(Saved data entries)
··········

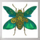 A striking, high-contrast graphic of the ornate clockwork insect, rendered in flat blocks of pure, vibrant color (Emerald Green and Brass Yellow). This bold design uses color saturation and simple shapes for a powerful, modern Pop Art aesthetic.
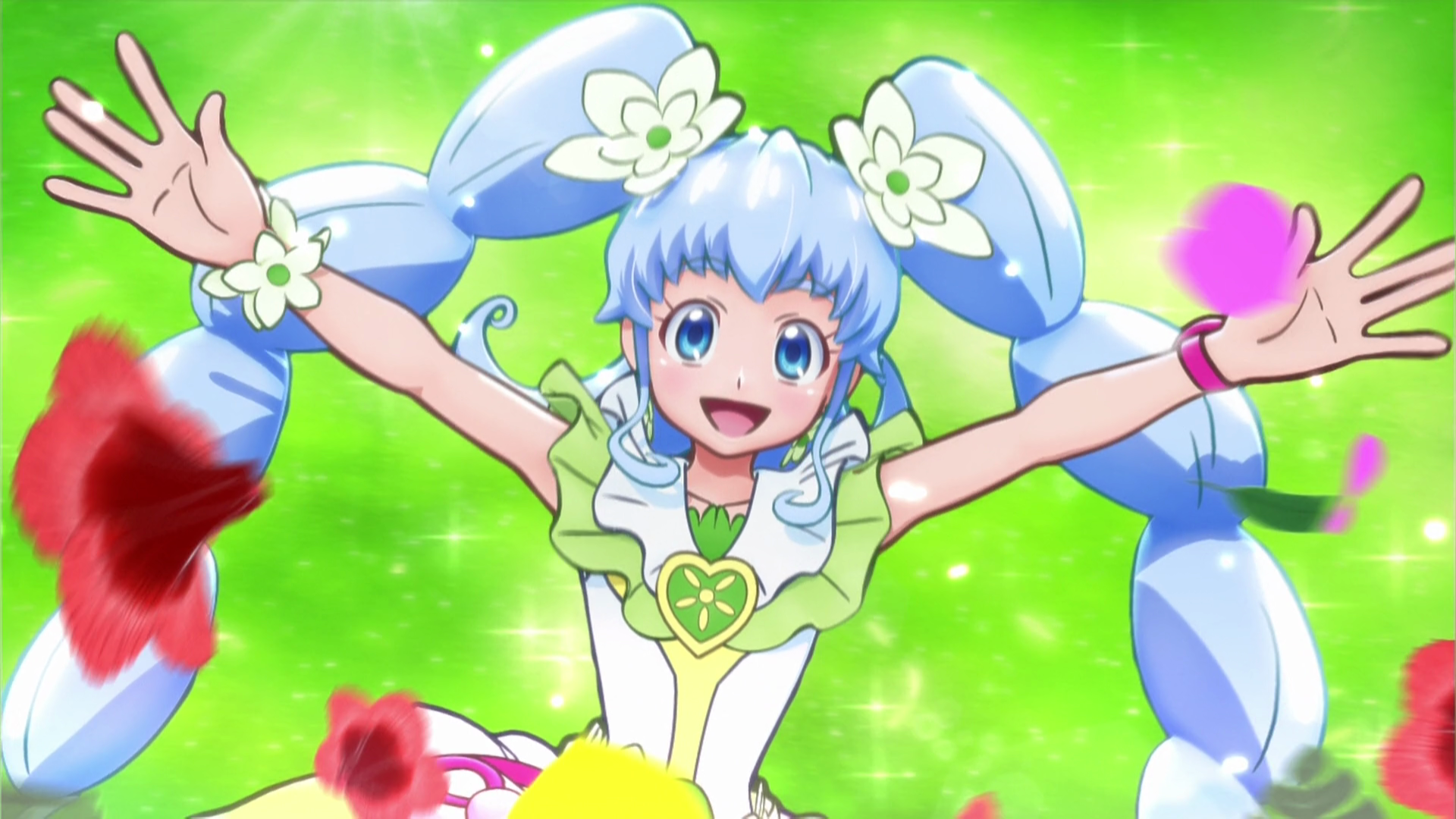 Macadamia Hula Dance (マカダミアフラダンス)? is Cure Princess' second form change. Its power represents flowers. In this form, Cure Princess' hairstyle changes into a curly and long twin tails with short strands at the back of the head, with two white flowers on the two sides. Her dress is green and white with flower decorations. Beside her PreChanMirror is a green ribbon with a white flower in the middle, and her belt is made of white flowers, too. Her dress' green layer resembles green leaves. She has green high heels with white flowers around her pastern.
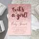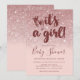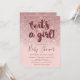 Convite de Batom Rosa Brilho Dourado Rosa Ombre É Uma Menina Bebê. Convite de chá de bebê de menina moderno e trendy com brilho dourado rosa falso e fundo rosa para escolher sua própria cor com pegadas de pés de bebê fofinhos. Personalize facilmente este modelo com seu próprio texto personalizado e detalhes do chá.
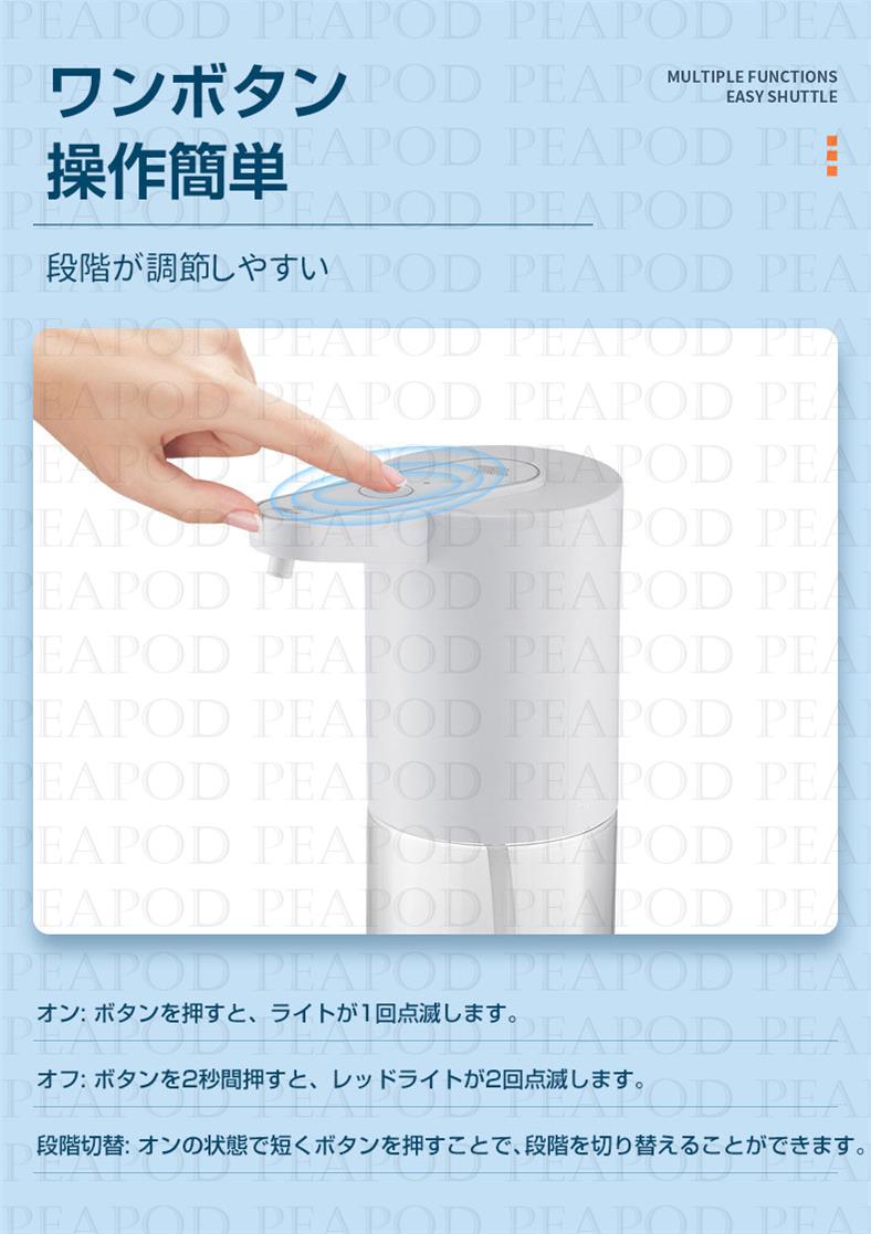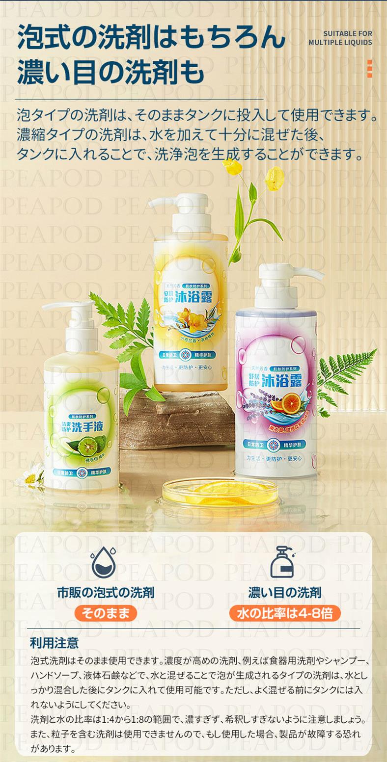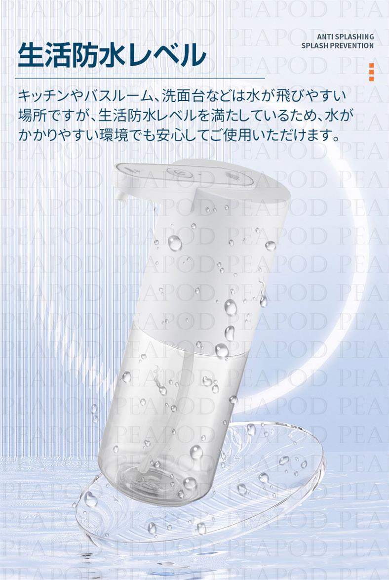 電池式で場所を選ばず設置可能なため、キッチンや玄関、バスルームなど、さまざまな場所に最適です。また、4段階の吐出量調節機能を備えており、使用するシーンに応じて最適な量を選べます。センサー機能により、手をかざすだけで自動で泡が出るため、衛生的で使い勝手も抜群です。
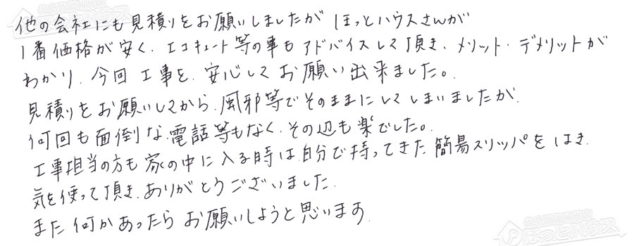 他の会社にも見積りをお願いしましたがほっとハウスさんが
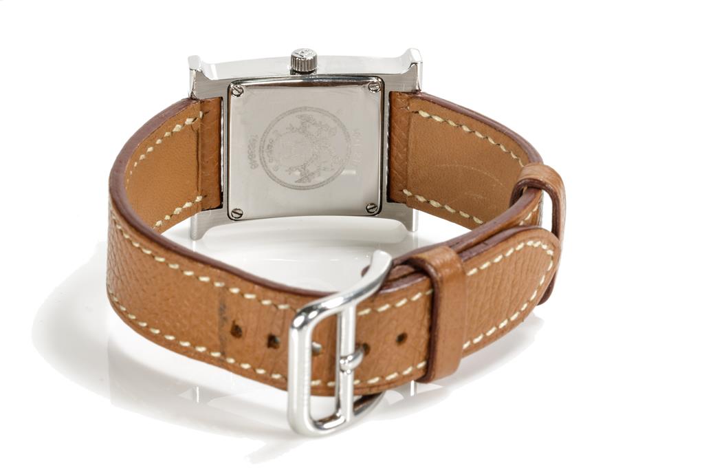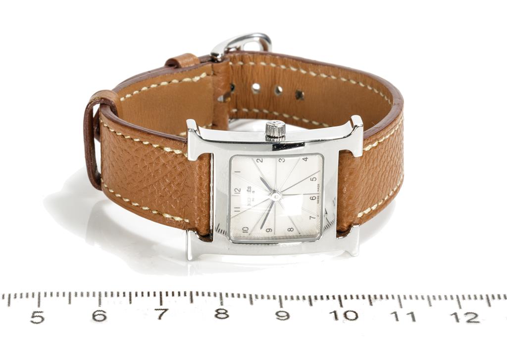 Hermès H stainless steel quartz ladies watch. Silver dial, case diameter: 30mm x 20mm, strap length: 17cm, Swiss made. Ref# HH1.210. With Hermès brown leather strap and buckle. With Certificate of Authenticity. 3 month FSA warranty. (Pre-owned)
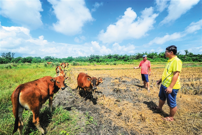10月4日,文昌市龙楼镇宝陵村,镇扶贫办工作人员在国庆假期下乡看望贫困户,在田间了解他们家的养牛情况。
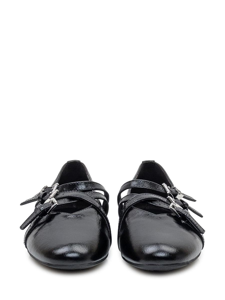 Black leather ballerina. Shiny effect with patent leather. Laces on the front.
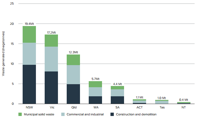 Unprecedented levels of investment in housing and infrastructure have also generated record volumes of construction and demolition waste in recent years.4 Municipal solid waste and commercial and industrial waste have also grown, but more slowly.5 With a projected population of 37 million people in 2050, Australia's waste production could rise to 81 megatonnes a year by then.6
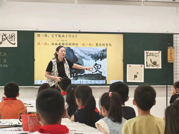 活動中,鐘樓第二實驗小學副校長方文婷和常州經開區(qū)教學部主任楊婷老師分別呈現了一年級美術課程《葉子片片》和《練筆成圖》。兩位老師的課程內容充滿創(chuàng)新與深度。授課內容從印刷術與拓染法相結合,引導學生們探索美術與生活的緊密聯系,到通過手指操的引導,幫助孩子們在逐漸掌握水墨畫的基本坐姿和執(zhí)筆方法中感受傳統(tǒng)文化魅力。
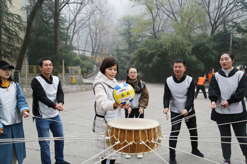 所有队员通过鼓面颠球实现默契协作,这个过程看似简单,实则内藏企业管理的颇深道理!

··········

| ACTIVITY |
From the line with "活動中,鐘樓第二實驗小學副校" through the final line of the records above, return each line exactly and nothing else. Pictures are to be skipped.

| TASK RESPONSE |
 活動中,鐘樓第二實驗小學副校長方文婷和常州經開區(qū)教學部主任楊婷老師分別呈現了一年級美術課程《葉子片片》和《練筆成圖》。兩位老師的課程內容充滿創(chuàng)新與深度。授課內容從印刷術與拓染法相結合,引導學生們探索美術與生活的緊密聯系,到通過手指操的引導,幫助孩子們在逐漸掌握水墨畫的基本坐姿和執(zhí)筆方法中感受傳統(tǒng)文化魅力。
 所有队员通过鼓面颠球实现默契协作,这个过程看似简单,实则内藏企业管理的颇深道理!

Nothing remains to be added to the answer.